Commentary
What Stops Modi Government from Implementing Women’s Reservation Immediately?

The Modi government would like us to believe that it is so committed to the cause of women's reservation that it called a special Parliament session to pass the bill. But the pretension of urgency gets exposed when the implementation of the bill is made contingent on the completion of census and consequent delimitation. What stops us from implementing it immediately?

The Modi government is the only government in the history of India which has failed to conduct the decadal census. In spite of Covid, seriously Covid-affected countries like China, UK and US have conducted census operations while India under Modi has failed. Women's reservation is meant to address and correct the acute underrepresentation of women in the legislative arena. We do not have to wait for another census and delimitation to assess and address the problem.
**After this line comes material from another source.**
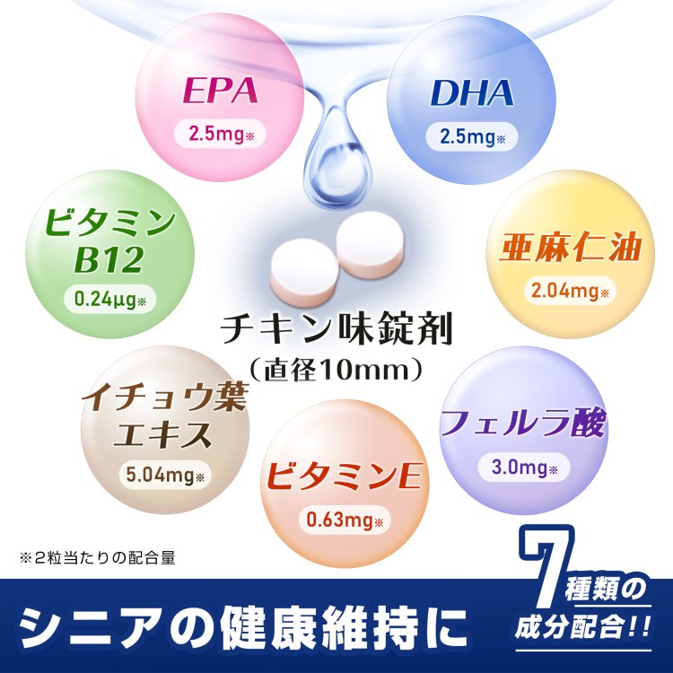 | 原材料名 | ビール酵母(大豆を含む)、チキンエキスパウダー(デキストリン、チキンエキス)(鶏肉を含む)、還元麦芽糖水飴、麦芽糖、DHA含有精製魚油、デキストリン、大麦乳酸発酵液ギャバ末、イチョウ葉エキス末、たん白加水分解物(乳成分を含む)、亜麻仁油含有パウダー(大豆を含む)、ビタミンE含有植物油/セルロース、微粒酸化ケイ素、ステアリン酸Ca、L-テアニン、酸化防止剤(フェルラ酸)ビタミンB12 |

It was also jarring to listen to Nirmala Sitharaman handing out certificates of women's empowerment, calling BJP women MPs as having been empowered by the Prime Minister and describing President Droupadi Murmu as an empowered Adivasi woman even as President Murmu was kept conspicuously away from this 'historic moment of women's empowerment'.

Moved first as a private member's bill by Pramila Dandavate in the early 1980s, the women's reservation bill has a legislative history of four decades. With the benefit of the hindsight of so much discussion and debate, the latest bill should have given us the most complete and improved version, yet it appears to be most hastily drafted and clueless about implementation.

The bill as it was passed by the parliament suffers from the following three most glaring gaps and contradictions:

(i) unwarranted indefinite deferment of implementation by making it contingent on two mammoth and time-taking exercises - census and delimitation - without any rhyme or reason;

(ii) no concern for adequate representation of all sections of women, especially the underrepresented OBC community and other deprived sections;

(iii) keeping the Rajya Sabha and Legislative Councils in states with bicameral legislature outside of the ambit of the women's reservation bill.

The bill that deserved the most serious legislative treatment seems to have been drafted in haste and presented in a manner that only trivialises the functioning of parliamentary democracy. The idea of deferred implementation of such an urgent legislation only reminds us of Gandhi's famous remark on the Cripps Mission offer of Dominion Status: 'a post-dated cheque drawn on a falling bank'. A bill that the women's movement has been fighting for decades with sustained support from a broad spectrum of progressive political forces cannot be reduced to yet another electoral gimmick.